SADECE YAZMADI, ÖĞRETTİ
Ortaokulda Küçük Muharrir dergisini çıkarmaya devam ettiği yıllarda, akşam Gazetesi'nde yine Küçük Muharrir imzasıyla şiirler ve fıkralar yazdı. Kabataş Lisesi'ni bitirmesinin ardından Yüksek Öğretmen Okulu'nda Türk Dili ve Edebiyatı bölümüne giriş yaptı. Okulu sırasında davetli olarak 4 ay süreyle Almanya'ya gitti. Türkiye'ye dönüp okulu bitirince ve askerlik görevini tamamladığında kendi okuduğu okul olan Kabataş Lisesi'ne Edebiyat öğretmeni olarak atandı ve 15 yıl süreyle burada öğretmenlik yaptı. Şair böylece sadece yazmakla kalmadı, küçük yaşlarında başlayan edebiyat sevgisini ve deneyimini öğrencilerine de aktarma, öğretme fırsatı yakalamış oldu.
YALNIZCA ŞAİR DEĞİLDİ
Necatigil, edebiyat dünyasında sadece şiirleriyle tanınmadı. Necatigil ayrıca radyo oyunları, düz yazılar, antolojiler, mektuplar ve çevirileriyle de önemli eserlere imza attı. Yayınladığı Edebiyatımızda İsimler Sözlüğü'nde edebiyat serüvenini şu cümlelerle anlattı: "İlk şiiri lisede öğrenciyken, Varlık dergisinde çıkmıştı (ekim 1935). Şiirde kırk yılını, doğumundan ölümüne, orta halli bir vatandaşın, birey olarak başından geçecek durumları hatırlatmaya; ev-aile-yakın çevre üçgeninde, gerçek ve hayal yaşantılarını iletmeye, duyurmaya harcadı. Arada biçim yenileştirmelerinden ötürü yadırgandığı da oldu, ama genellikle, eleştirmenler, onun için, tutarlı ve özel bir dünyası olan bir şair dediler."
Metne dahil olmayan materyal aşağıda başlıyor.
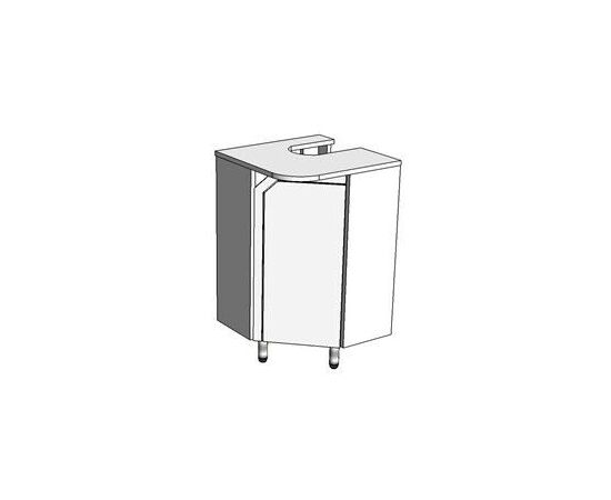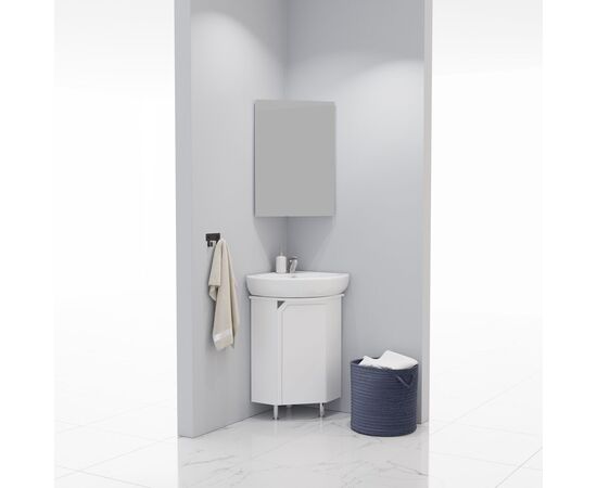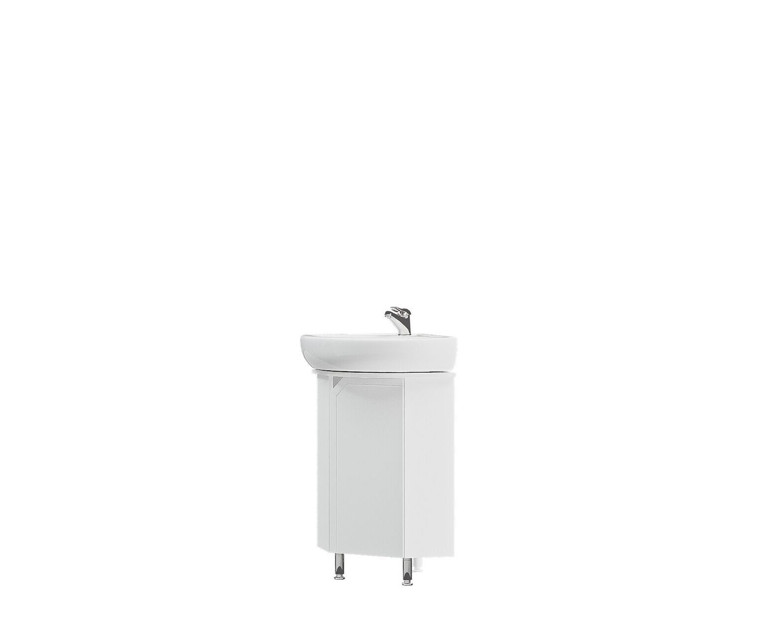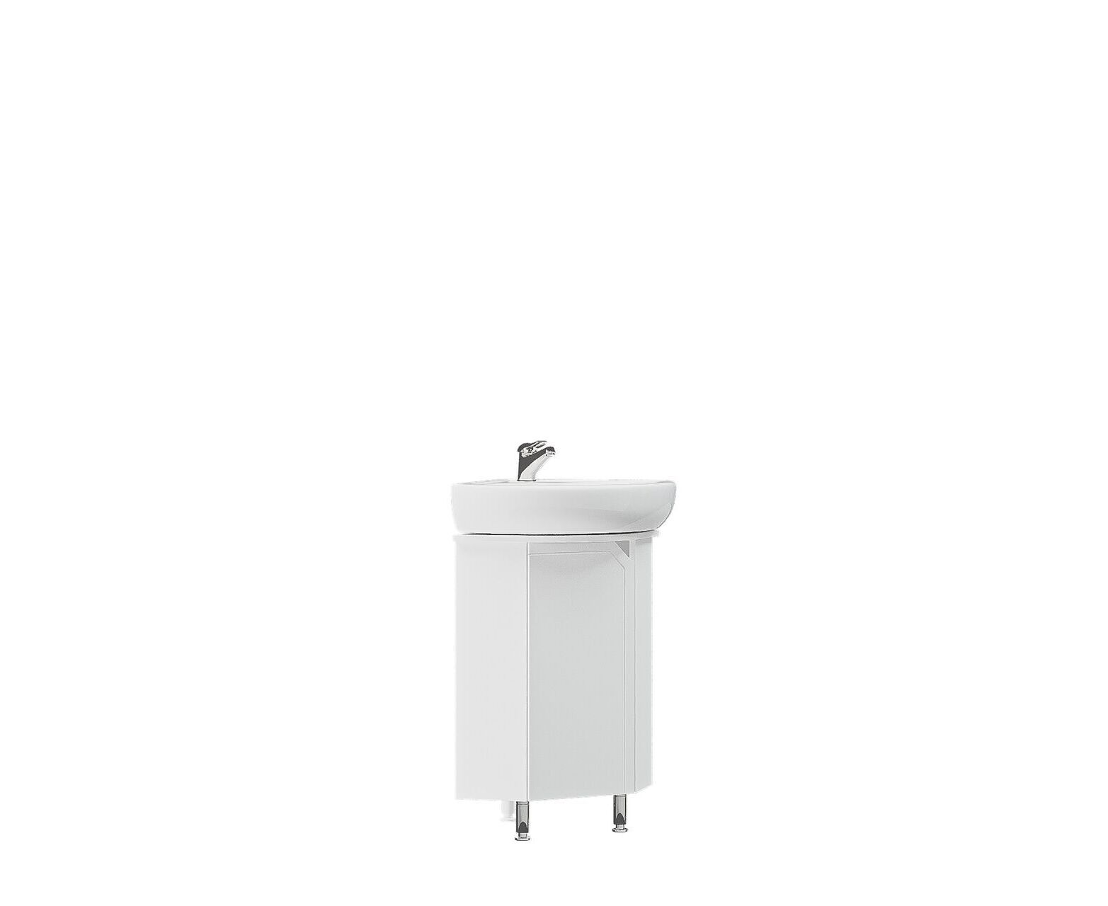 Функциональность и эргономика эксплуатации - отличительные черты коллекции мебели для ванных комнат СИРИУС. Тумба угловая, имеет 1 распашную дверь, позади дно. Сверху крышка с вырезом под раковину. Тумба стоит на 2 металлических опорах и 1 пластиковой. Корпус ЛДСП белый, фасады МДФ в белой плёнке ПВХ. Фурнитура с лицевой стороны фасадов отсутствует, вместо нее предусмотрены интегрированные ручки в виде эргономичной фрезеровки под 45 градусов, которую обрамляет декоративная фрезеровка по периметру фасада. Бесшумность и длительный цикл эксплуатации обеспечивают петли с доводчиком.

HAYATIN KENDİSİNDEN BESLENDİ
Birçok eleştirmen ve şair, Necatigil için 'Dar Çevre Şairi' tanımlamasını kullandı. Bunun sebebi de, şairin şiirlerinde yer verdiği konular. Basit ve hayatın içinden konulara şiirlerinde yer veren şair, dar bir hayatın içinde yaşayan insanları anlattı bir bakıma. Halk şiirinin öğeleriyle Batılı tarzı harmanlayarak yeni bir tarz oluşturan Necatigil, sade bir dil kullanmaya özen göstererek süslü dilden uzak durdu.